** TRY IT **
Every record below should be printed exactly, except for the pictures.

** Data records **
# # #

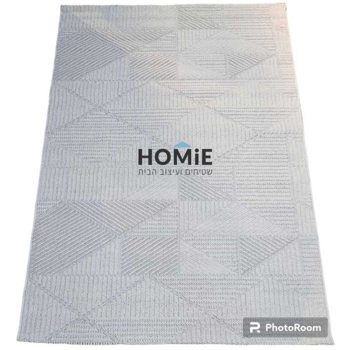 שטיח בוהו כפרי מודרני צורות גיאומטריות לולאות לבן דגם שוודיה 04
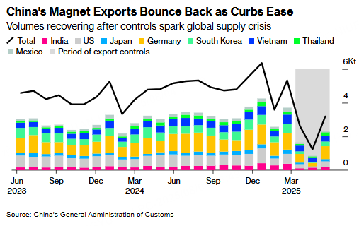 Flows of rare earth magnets from China to the US rose to 353 tons in June, up from just 46 tons in May, according to the latest customs data. Total shipments were still substantially lower than before Beijing launched export controls in early April.
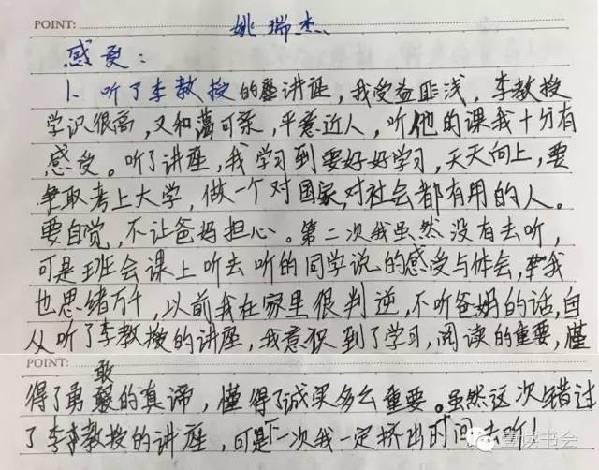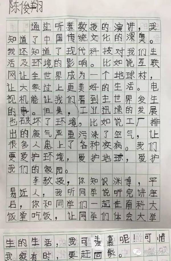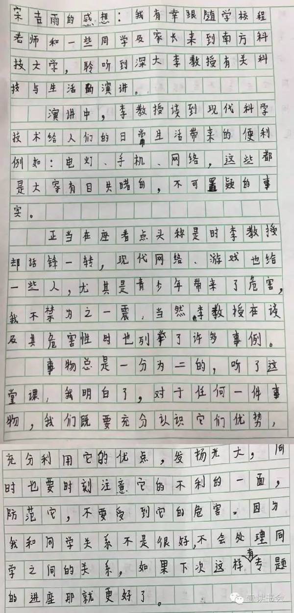近日,多位小朋友特地就這次講座表達(dá)感想。他們紛紛盛贊講座深刻,令其受益匪淺,“深受感動(dòng)”。他們紛紛在感想里提到李教授平易近人,講課精彩,更在聽完李教授的課后開始反思現(xiàn)代科技與當(dāng)代生活,提升自身思想和文化水平。
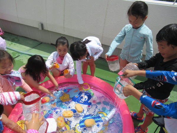 ビニールプールでは、ジョウロを使って水の掛け合いっこをしたり、ボールすくいをしたりと楽しそうな姿が見られました!
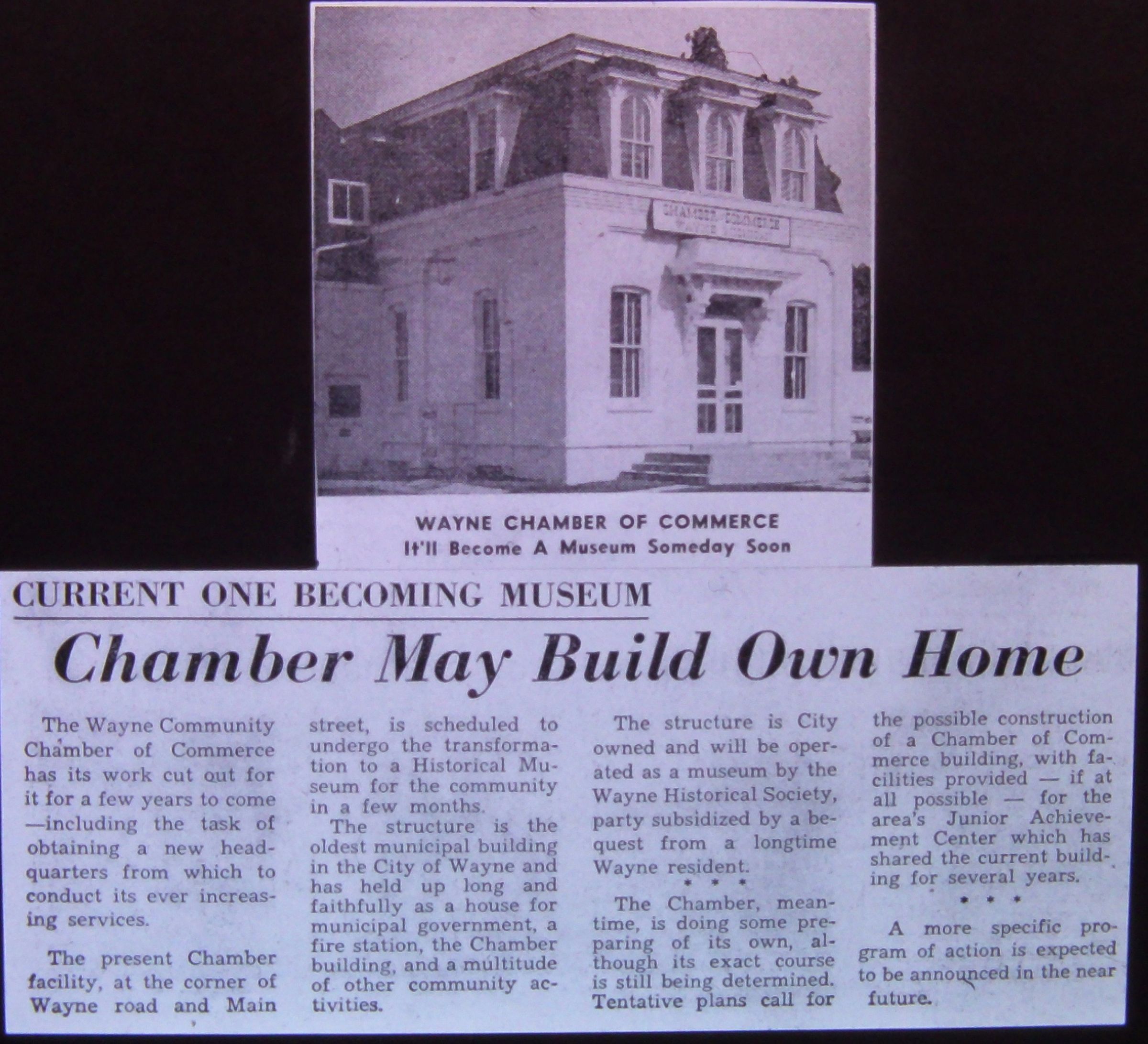 1961 article about chamber moving
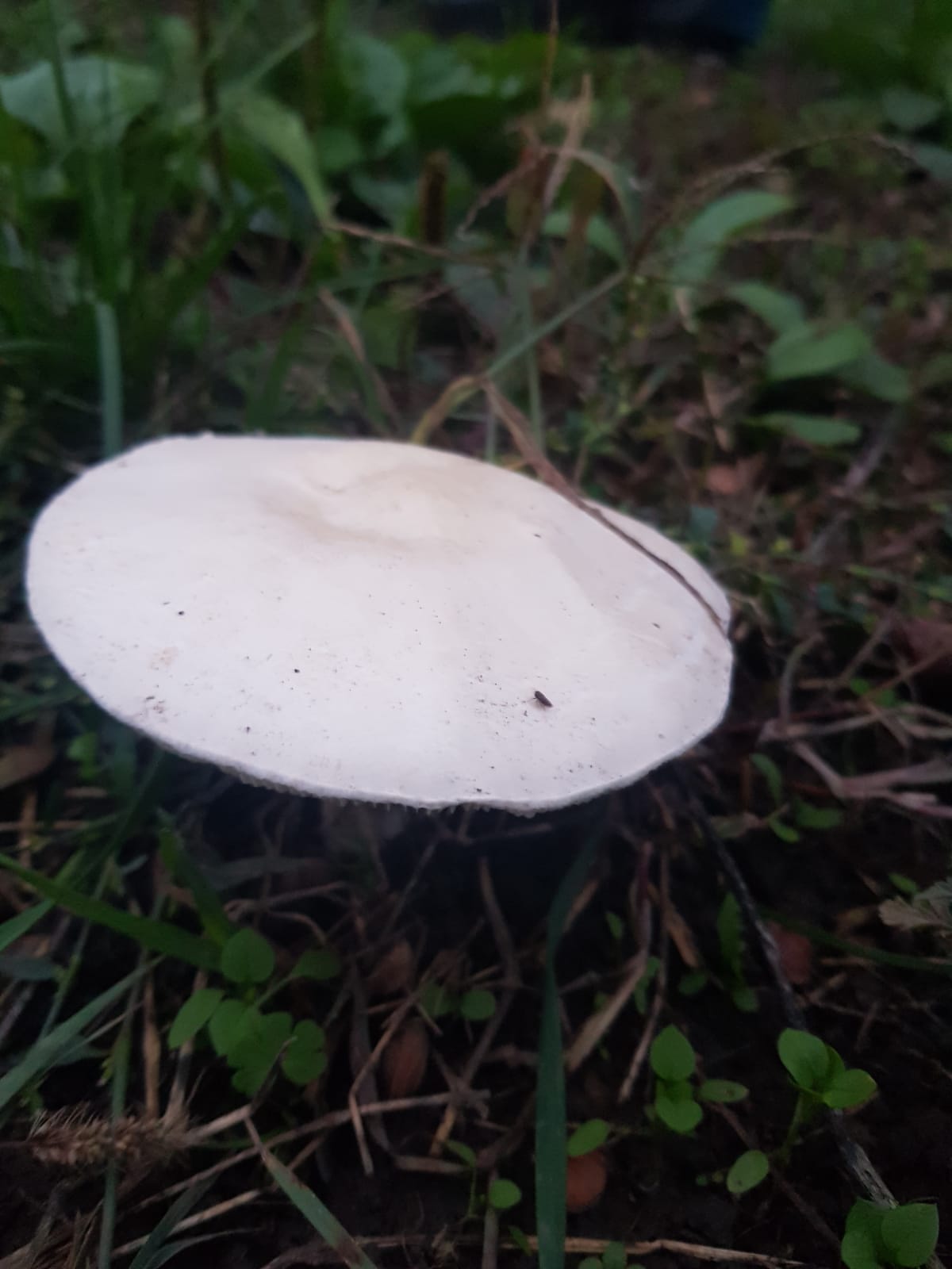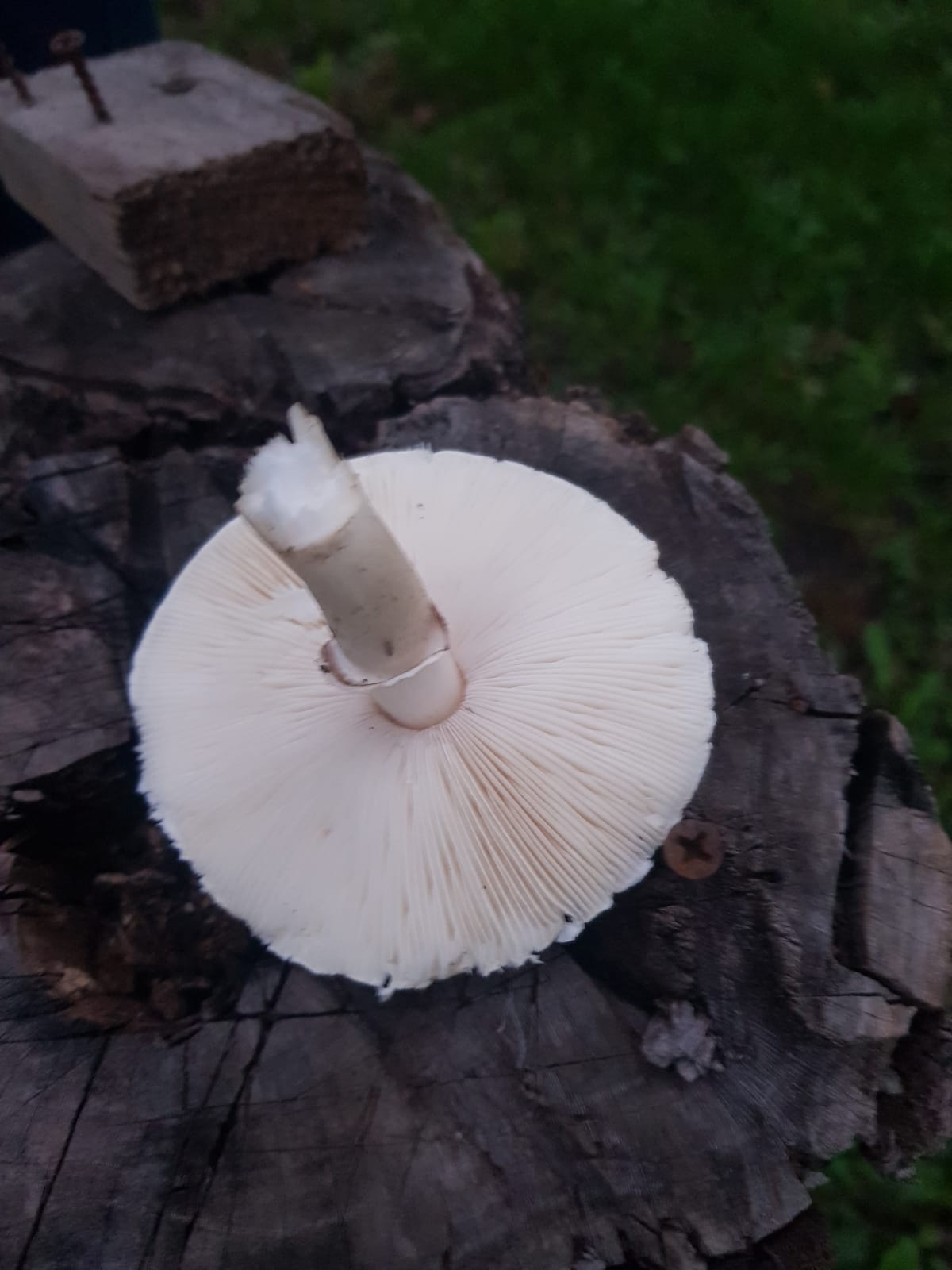 Белошампиньон краснопластинчатый, если не было вольвы у основания ножки.
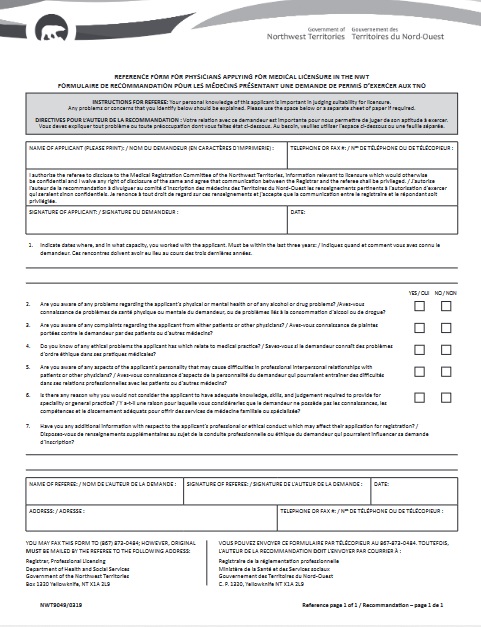 ** Three references using the Reference Form for Physicians Applying for Medical Licensure in the NWT.
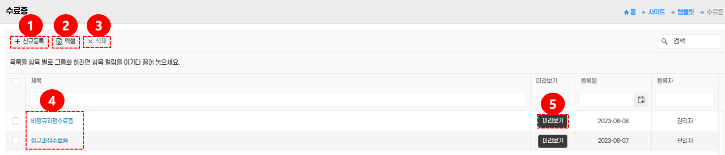 • 신규등록: 상단의 신규등록 버튼 ①을 클릭 → 새로운 수료증을 등록한다.
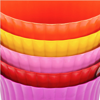 Florero que simula un tulipan abierto. Tambien es usado como cesto papelero.
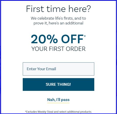 Sign up to receive their email, and you’ll get 20% off your first order! The code will automatically appear at the top of the screen when you enter your email in the pop-up box.
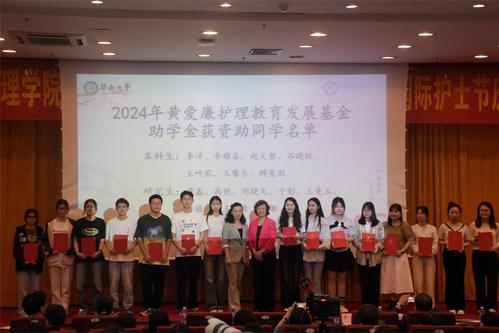 黄爱廉护理教育发展基金管委会主任、前院长陈伟菊阐述了黄爱廉精神,并宣读获资助同学名单,为受资助同学们颁发证书,希望他们未来戮力奋发,积极向上。受资助学生代表于影同学发表感言,表示将会传承黄爱廉大爱精神,更加努力投入学习,报效祖国卫生健康事业。

# # #

** ANSWER SPACE **
 שטיח בוהו כפרי מודרני צורות גיאומטריות לולאות לבן דגם שוודיה 04
 Flows of rare earth magnets from China to the US rose to 353 tons in June, up from just 46 tons in May, according to the latest customs data. Total shipments were still substantially lower than before Beijing launched export controls in early April.
近日,多位小朋友特地就這次講座表達(dá)感想。他們紛紛盛贊講座深刻,令其受益匪淺,“深受感動(dòng)”。他們紛紛在感想里提到李教授平易近人,講課精彩,更在聽完李教授的課后開始反思現(xiàn)代科技與當(dāng)代生活,提升自身思想和文化水平。
 ビニールプールでは、ジョウロを使って水の掛け合いっこをしたり、ボールすくいをしたりと楽しそうな姿が見られました!
 1961 article about chamber moving
 Белошампиньон краснопластинчатый, если не было вольвы у основания ножки.
 ** Three references using the Reference Form for Physicians Applying for Medical Licensure in the NWT.
 • 신규등록: 상단의 신규등록 버튼 ①을 클릭 → 새로운 수료증을 등록한다.
 Florero que simula un tulipan abierto. Tambien es usado como cesto papelero.
 Sign up to receive their email, and you’ll get 20% off your first order! The code will automatically appear at the top of the screen when you enter your email in the pop-up box.
 黄爱廉护理教育发展基金管委会主任、前院长陈伟菊阐述了黄爱廉精神,并宣读获资助同学名单,为受资助同学们颁发证书,希望他们未来戮力奋发,积极向上。受资助学生代表于影同学发表感言,表示将会传承黄爱廉大爱精神,更加努力投入学习,报效祖国卫生健康事业。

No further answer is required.